El ascensor se detuvo y el muchacho negro, sonriendo, lo maniobró haciéndolo subir, bajar y subir de nuevo hasta ponerlo al nivel del piso; y, sin dejar de sonreír, abrió la puerta interior de metal y luego la portezuela exterior. El señor Micklas se apartó a un lado y Rosemary y Guy salieron de la cabina, para encontrarse en un pasillo mal iluminado, empapelado y alfombrado de verde oscuro. Un obrero que se hallaba ante una puerta verde esculpida, con la indicación 7-B, se les quedó mirando y luego volvió a su tarea de encajar una mirilla en el agujero que había hecho.

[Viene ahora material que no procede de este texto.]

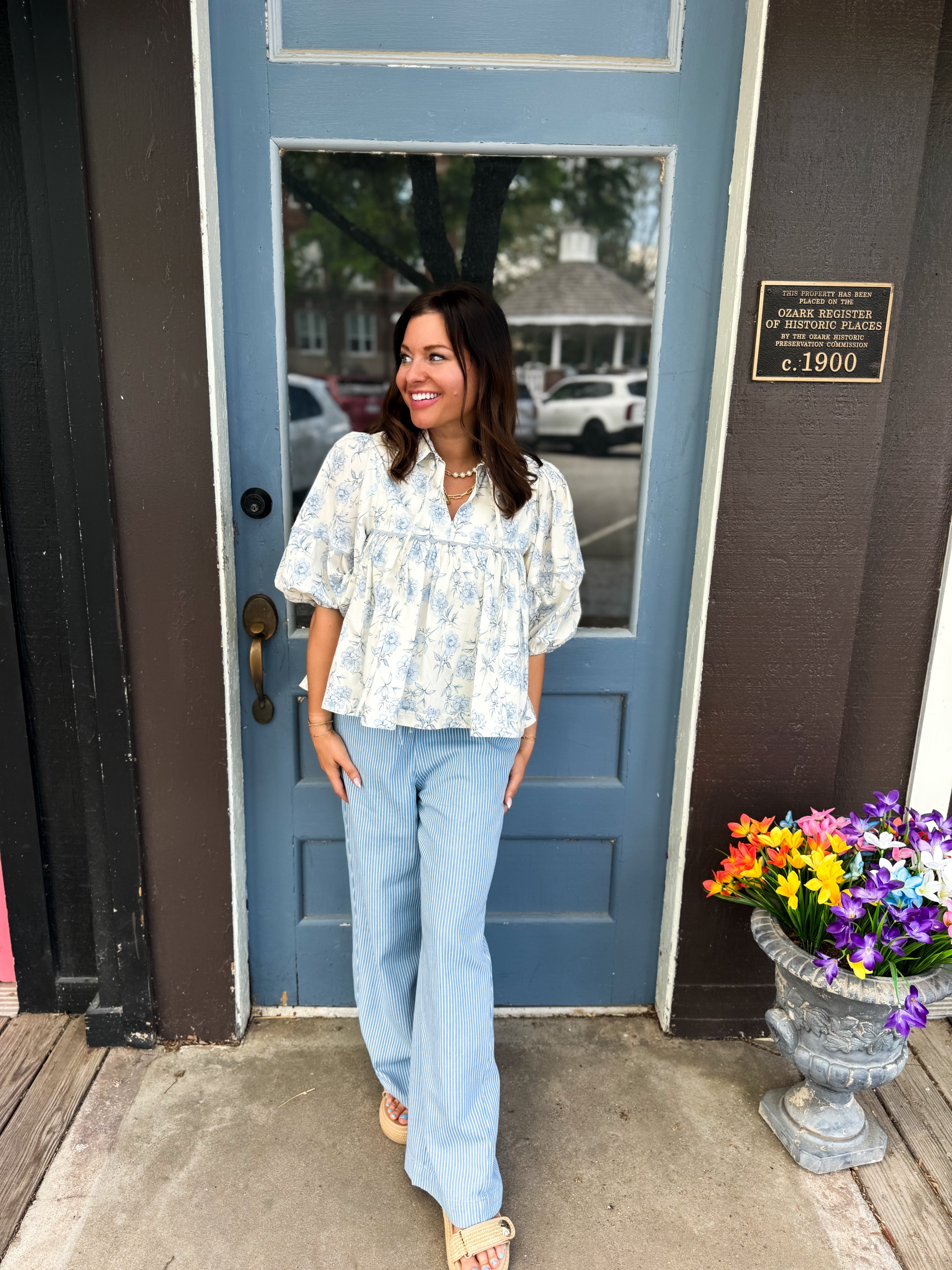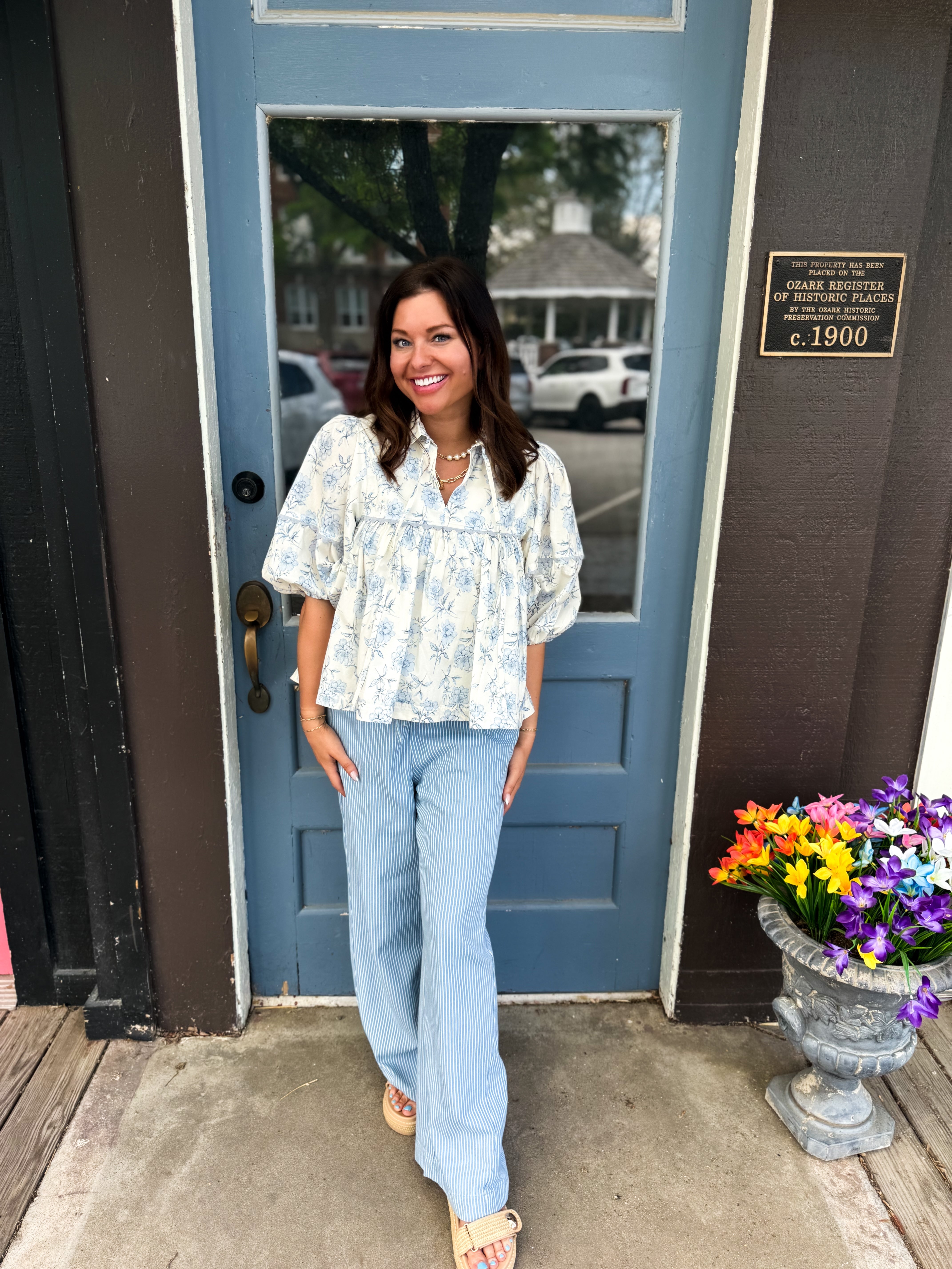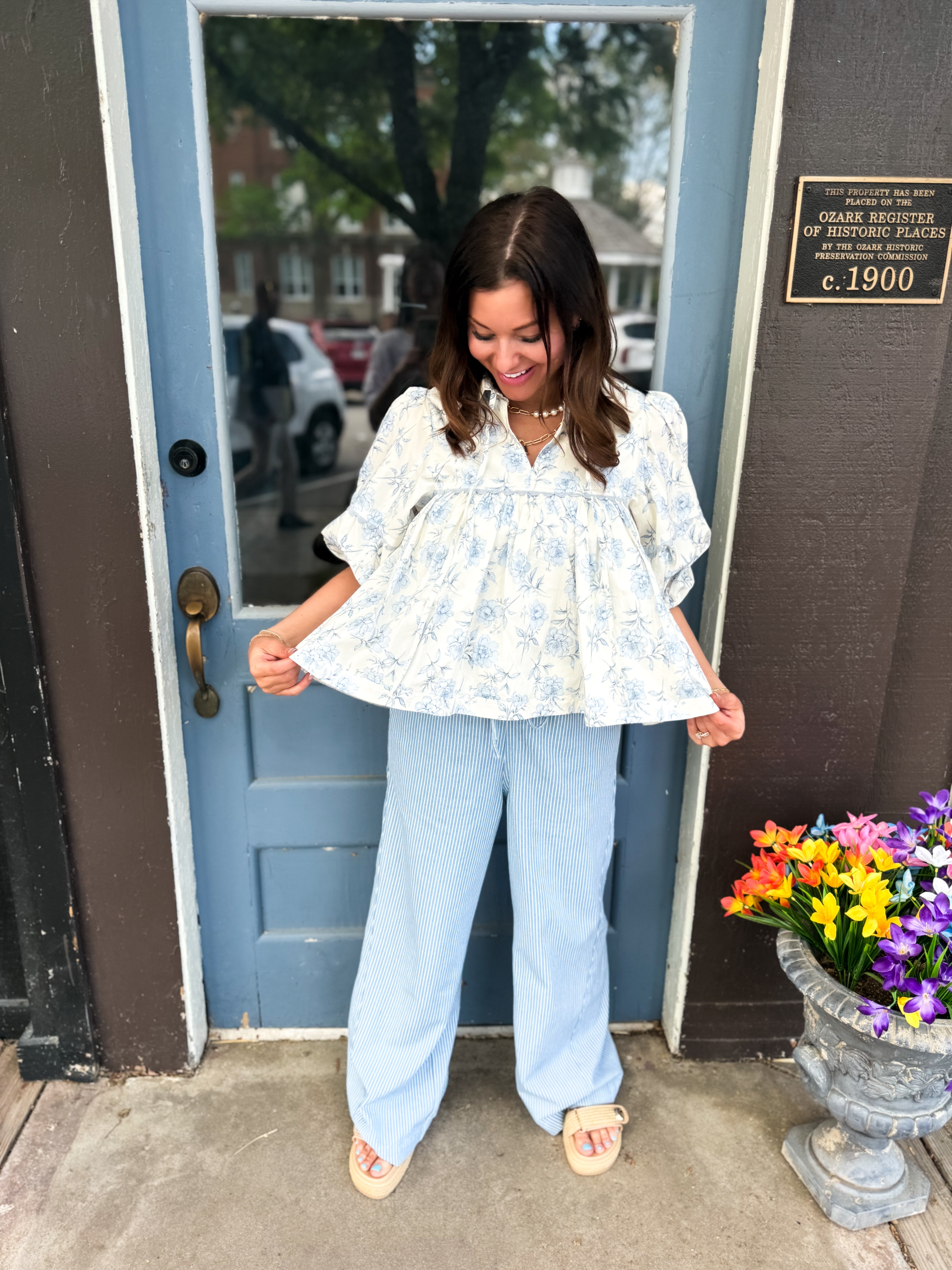 Feminine floral blouse featuring a collared neckline with tie detail, flowy babydoll silhouette, and puff sleeves with subtle lace trim. Lightweight woven fabric makes this an effortless piece for spring and summer. Perfect for pairing with denim, skirts, or tailored shorts for a chic daytime look.

El señor Micklas les indicó el camino hacia la derecha, y luego hacia la izquierda, a través de cortos ramales del pasillo verdioscuro. Rosemary y Guy, al seguirlo, vieron desconchados en la pared empapelada, y una grieta donde el papel se había levantado y se estaba enrollando hacia arriba; una lámpara de pared de cristal tenía una bombilla apagada y sobre la alfombra verdioscura, había un remiendo largo como una cinta, que se veía verdiclaro. Guy se quedó mirando a Rosemary: «¿Una alfombra remendada?» Ella desvió su rostro y sonrió satisfecha: «Me encanta; ¡aquí todo es encantador!»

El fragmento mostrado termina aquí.